[The Grandissimes by George Washington Cable]@TWC D-Link bookThe Grandissimes CHAPTER XVII 3/16
One out of a hundred may be a moral hero--the ninety-nine will be scamps; and the moral hero will most likely get his brains blown out early in the day. "Count O'Reilly, when he established the Spanish power here thirty-five years ago, cut a similar knot with the executioner's sword; but, my-de'-seh, you are here to establish a _free_ government; and how can you make it freer than the people wish it? There is your riddle! They hold off and say, 'Make your government as free as you can, but do not ask us to help you;' and before you know it you have no retainers but a gang of shameless mercenaries, who will desert you whenever the indignation of this people overbalances their indolence; and you will fall the victim of what you may call our mutinous patriotism." The governor made a very quiet, unappreciative remark about a "patriotism that lets its government get choked up with corruption and then blows it out with gunpowder!" The Creole shrugged. "And repeats the operation indefinitely," he said. The governor said something often heard, before and since, to the effect that communities will not sacrifice themselves for mere ideas. "My-de'-seh," replied the Creole, "you speak like a true Anglo-Saxon; but, sir! how many communities have _committed_ suicide.

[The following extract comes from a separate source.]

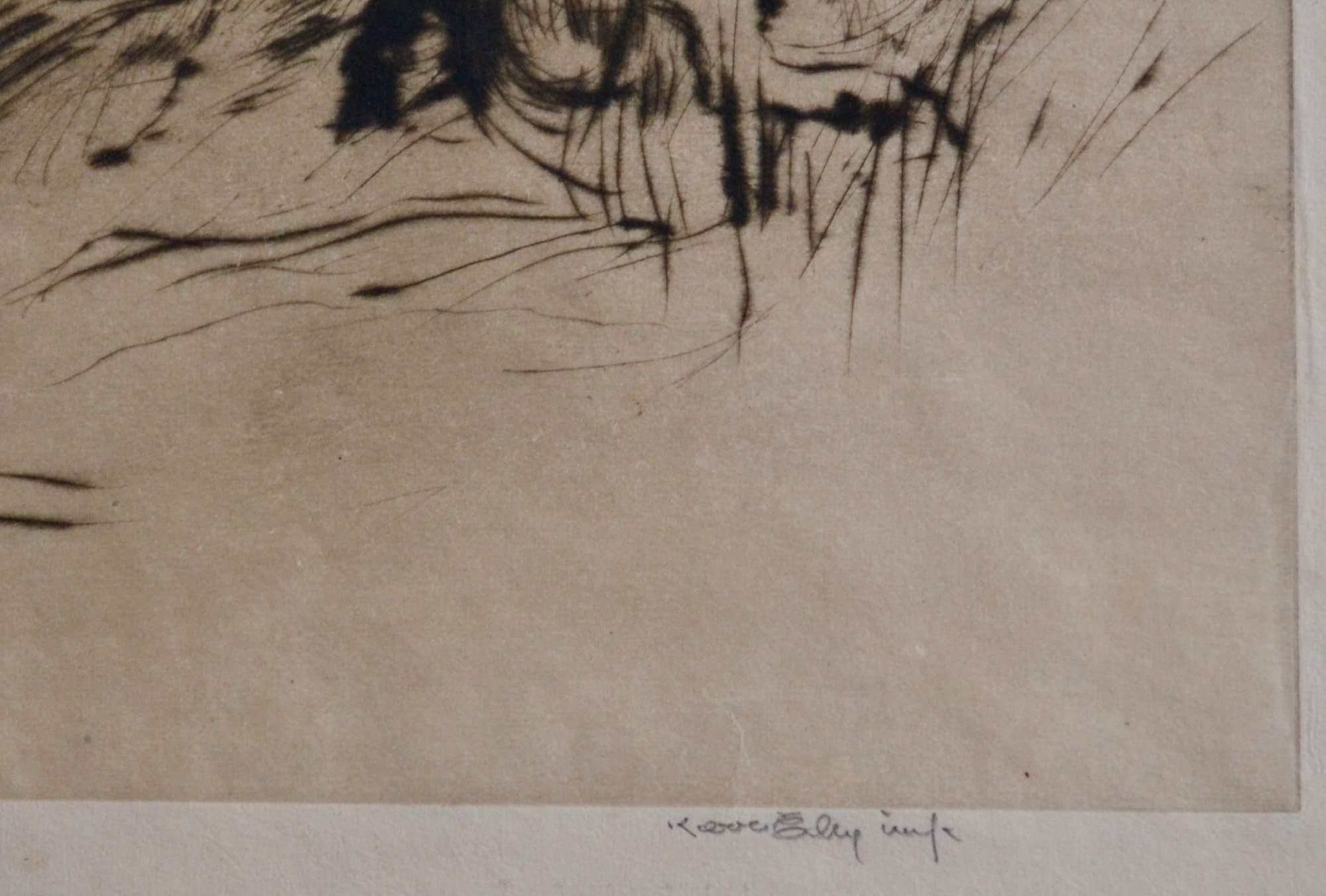 Kerr Eby (1889-1946) was a Canadian printmaker born in Tokyo, Japan, where his father was working as a missionary. Eby is perhaps best known for his war images, having served in both World Wars. "The Great Black Cloud" is one of his most famous prints, depicting an ominous sky above a seemingly insignificant platoon of soldiers as they march across a war-torn landscape.

And this one ?--why, it is _just_ the kind to do it!" "Well," said the governor, smilingly, "you have pointed out what you consider to be the breakers, now can you point out the channel ?" "Channel? There is none! And you, nor I, cannot dig one.
Two great forces _may_ ultimately do it, Religion and Education--as I was telling you I said to my young friend, the apothecary,--but still I am free to say what would be my first and principal step, if I was in your place--as I thank God I am not." The listener asked him what that was. "Wherever I could find a Creole that I could venture to trust, my-de'-seh, I would put him in office.
Never mind a little political heterodoxy, you know; almost any man can be trusted to shoot away from the uniform he has on.
And then--" "But," said the other, "I have offered you--" "Oh!" replied the Creole, like a true merchant, "me, I am too busy; it is impossible! But, I say, I would _compel_, my-de'-seh, this people to govern themselves!" "And pray, how would you give a people a free government and then compel them to administer it ?" "My-de'-seh, you should not give one poor Creole the puzzle which belongs to your whole Congress; but you may depend on this, that the worst thing for all parties--and I say it only because it is worst for all--would be a feeble and dilatory punishment of bad faith." When this interview finally drew to a close the governor had made a memorandum of some fifteen or twenty Grandissimes, scattered through different cantons of Louisiana, who, their kinsman Honore thought, would not decline appointments. * * * * * Certain of the Muses were abroad that night.